STOCKBRIDGE >> Chesterwood and Boston Athenaeum have collaborated on a new exhibition, "Daniel Chester French: The Female Form Revealed," opening Oct. 7 in Boston, where it will be on view through Feb. 19.
There will be an opening reception, 5:30-7:30 p.m. on Oct. 6 at the Boston Athenæum at 10½ Beacon St. The event is free of charge and open to the public. Reservations are not required.
"Daniel Chester French: The Female Form Revealed" explores French's representation of the female figure primarily through a group of preliminary models and studies, created not only for major public commissions, but also for a number of his more intimate and personal works.
The approximately 50 works in the exhibition are from Chesterwood's collection, along with a work recently acquired by the Boston Athenæum. Many of the works in the show have never before been exhibited to the public.
The exhibition is co-curated by David B. Dearinger, director of exhibitions and Susan Morse Hilles, senior curator of paintings & sculpture at the Boston Athenæum, and Donna Hassler, director of Chesterwood and administrator of the Historic Artists' Homes and Studios Program of the National Trust for Historic Preservation.
For nearly half a century, from the late 1870s to the late 1920s, French (1850-1931) was America's foremost sculptor of public monuments. His outdoor masterpieces can be seen in the cosmopolitan centers of New York, Boston, Chicago, Detroit, and Washington, D.C., as well as in smaller American towns such as Concord, Mass., Saratoga Springs, N.Y., and Lincoln, Neb. French's projects adorn civic spaces including New York's Central Park, Boston's Public Garden, and Washington's Dupont Circle; are focal points on college and university campuses at Harvard, Columbia, Bowdoin, and Gallaudet; enhance the facades of grand Beaux-Arts structures such as the United States Custom House in New York, the Brooklyn Museum, and the Boston Public Library; and are focal points in some of this country's great historic cemeteries such as Woodlawn in New York, Graceland in Chicago, and Forest Hills in Boston.

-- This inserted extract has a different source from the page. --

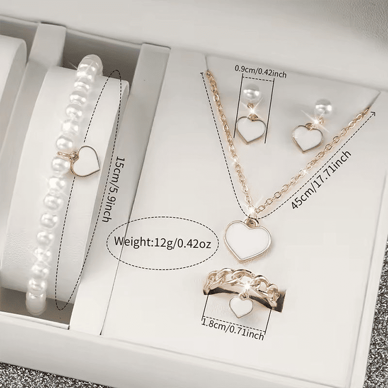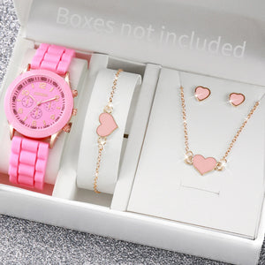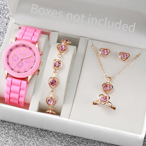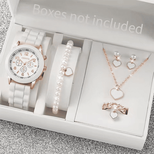 This coordinated six-piece set features a stylish analog quartz watch with a comfortable silicone band. Accompanying heart and pearl themed jewelry includes a matching necklace, bracelet, ring, and earrings for a complete look. The durable rubber casing and precise movement offer reliable timekeeping for daily wear or special events. Elevate your accessory collection with this versatile and sophisticated fashion ensemble.

Many of French's public works depict or otherwise commemorate historical figures. These range from his heroic allegory, "The Minute Man," created in 1875 for the town of Concord, to grand-manner portraits, such as the colossal figure of Abraham Lincoln, executed in 1922 for the Lincoln Memorial in Washington, D.C. French's fame for these male-oriented masterpieces is well deserved, but in fact he was equally proficient at modeling the female figure, especially in its classicizing, idealized form.
"This aspect of his career has been little studied," said Hassler in a news release. "Our goal with this exhibition is to help fill that gap in the scholarship of Daniel Chester French's oeuvre."
An illustrated catalogue will accompany "Daniel Chester French: The Female Form Revealed," with an essay by Dr. Dearinger and a checklist of the exhibition's contents. The exhibition will be complemented by a series of lectures, curator-led gallery talks, and an online version of the installation.
The exhibition and its published catalogued are made possibly by a generous grant from the National Endowment for the Arts.
Chesterwood, a 122-acre site of the National Trust for Historic Preservation at 4 Williamsville Road, was French's summer home, studio and gardens.